Supplier means ProMobile company.
Services means the services supplied by the Supplier to the Customer.
Terms and Conditions means the terms and conditions of supply set out in this document and any special terms and conditions agreed to in writing by the Supplier.
Nothing in these conditions exclude, restrict or modify or have the effect of excluding, restricting or modifying any condition, warranty, guarantee, right or remedy implied by law (including the Competition and Consumer Act 2010 (Cth)) and which by law cannot be excluded, restricted or modified.
2.1 These conditions will apply to all contracts for the supply of Services by the Supplier to the Customer and shall prevail over any other documentation or communication from the Customer.
2.2 Any variation to these Terms and Conditions shall be inapplicable unless agreed in writing by the Supplier.
2.3 All Services provided by Supplier are provided on these Terms and Conditions.
2.4 In the event that this agreement has been entered into by more than one party, each party shall be jointly and severally liable for any amount due.
3.1 Any instructions received by the Supplier from the Customer for the supply of Goods and Services and/or the Customer’s acceptance of Goods and Services supplied by the Supplier shall constitute acceptance of the terms and conditions contained herein.
3.2 Any instructions received by the Supplier from the Customer for the supply of Goods and Services and/or the Customer’s acceptance of Goods and Services supplied by the Supplier shall constitute acceptance of the Terms and Conditions contained herein.
4.1 At the Supplier’s sole discretion:
(1.a) The price shall be as indicated on invoices provided by the Supplier to the Customer for Goods and Services supplied.
(1.b) A deposit may be required.
(1.c) Payment shall be due on delivery of the Goods or supply of the Services.
4.2 Time for payment for the Goods and Services shall be of the essence and will be stated on the invoice or any other forms.
4.3 The Customer agrees to pay all amounts due in clear funds, no later than 7 days from the date of invoice.
4.4 If the Customer fails to pay in accordance with clause 4.3, the Supplier will:
(4.a)Charge a late payment fee of $25.00 on all amounts paid after the due date;
(4.b)Charge interest on debts at 1.5% per day where interest will accrue daily from the payment due date until the outstanding amount is paid in full.

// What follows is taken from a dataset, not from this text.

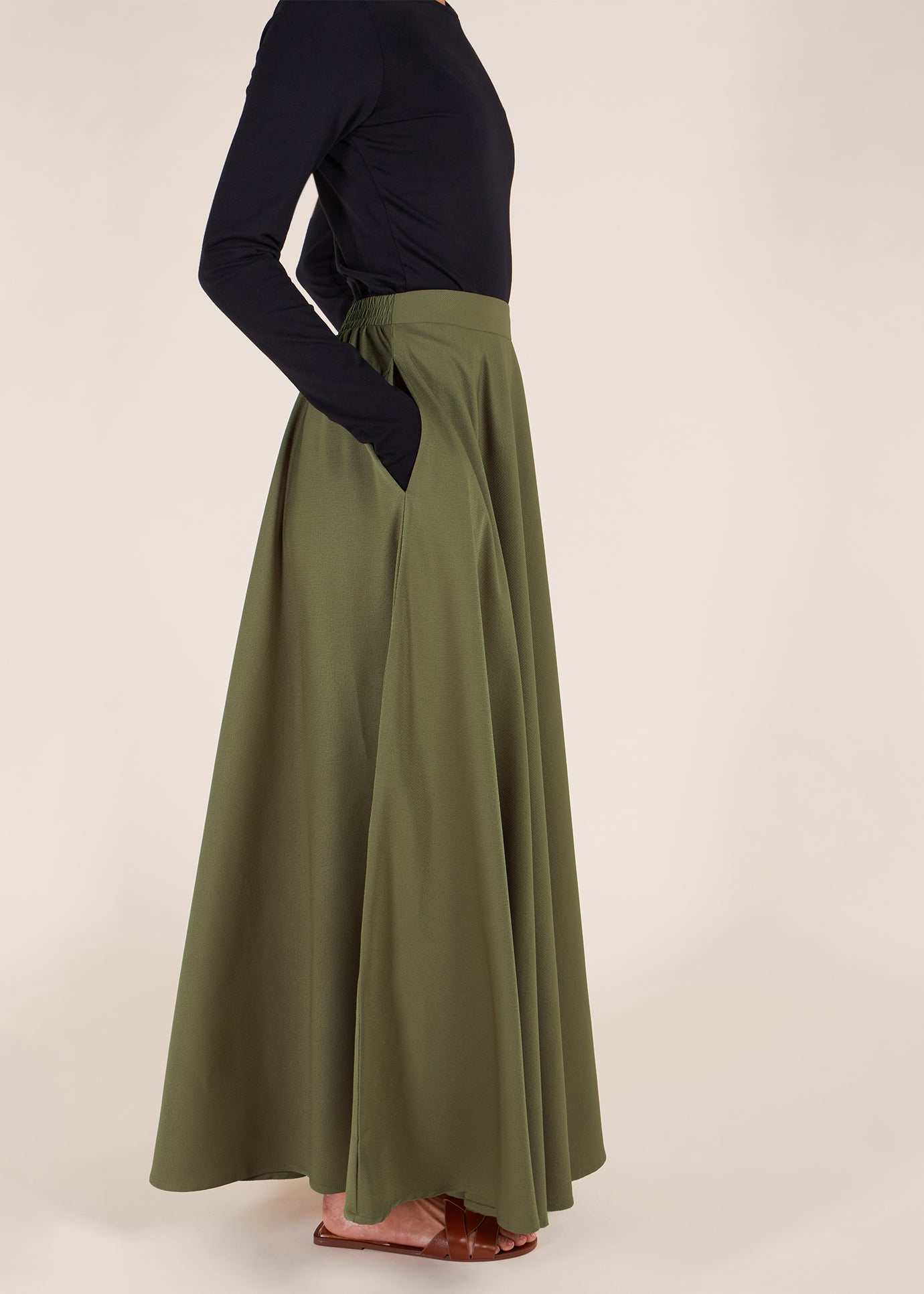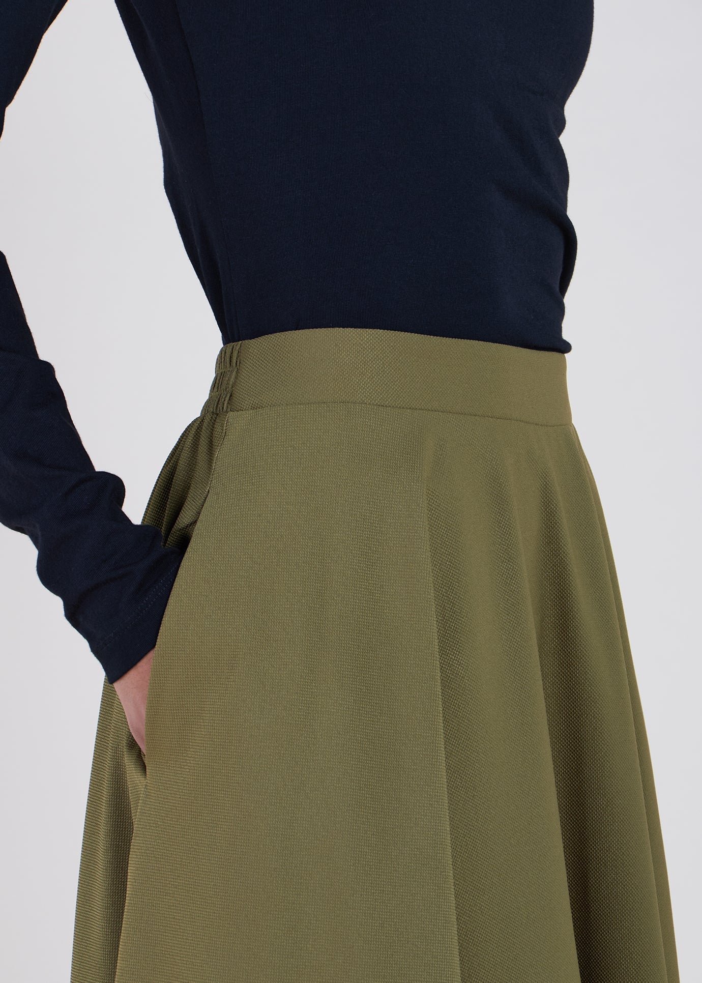 Refined yet effortless, our Flared Utility Skirt brings graceful movement to everyday wear. Cut from a breathable, lightweight structured fabric in a soft olive hue, it features discreet pockets and a clean, pull-on silhouette. Designed to pair seamlessly with the Embossed Cargo Jacket or worn as a standalone statement piece.

(4.c)Recover all collection and legal costs and expenses incurred in collecting overdue accounts on an indemnity basis;
(4.e)Sue for the money owing on the Goods or Services provided; and
(4.f)Remove any discounts or promotion value from the invoice.
4.5 Failure to comply with clause 4.3 will constitute a breach of contract and the Supplier may treat the whole Agreement as repudiated and act accordingly.
4.6 Payment shall be made by cash, electronic funds transfer (EFT) or by credit card. The Supplier at the Supplier’s sole discretion may accept any other method of payment provided that it is agreed to in writing.
4.7 GST and other taxes and duties that may be applicable shall be added to the price except when they are expressly included in the price.
5 Limitation of liability
5.1 Nothing in these Terms and Conditions shall exclude or limit the liability of the Supplier for death or personal injury. However, the Supplier shall not be liable for any direct loss or damage suffered by the Customer howsoever caused, as a result of any negligence, breach of contract or otherwise in excess of the price of the Services.
5.2 The Supplier shall not be liable under any circumstances to the Customer or any third party for any indirect or consequential loss of profit or other economic loss suffered by the Customer howsoever caused, as a result of any negligence, breach of contract, misrepresentation or otherwise.
The Supplier’s liability for a breach of a condition or warranty implied by Part 3-2 Division 1 of the Australian Consumer Law is limited to:
(1.a)in the case of Goods, any one or more of:
(1.a.i)the replacement of the Goods or the supply of equivalent goods;
(1.a.ii)the repair of the Goods;
(1.a.iii)the payment of the cost of replacing the Goods or of acquiring equivalent goods; and
(1.a.iv)the payment of the cost of having the Goods repaired; or
(1.b)in the case of Services:
(1.b.i)the supplying of the Services again; or
(1.b.ii)the payment of the cost of having the Services supplied again.
8 Customer’s property
Any property of the Customer under the Supplier’s possession, custody or control is completely at the Customer’s risk as regards loss or damage caused to the property or by it.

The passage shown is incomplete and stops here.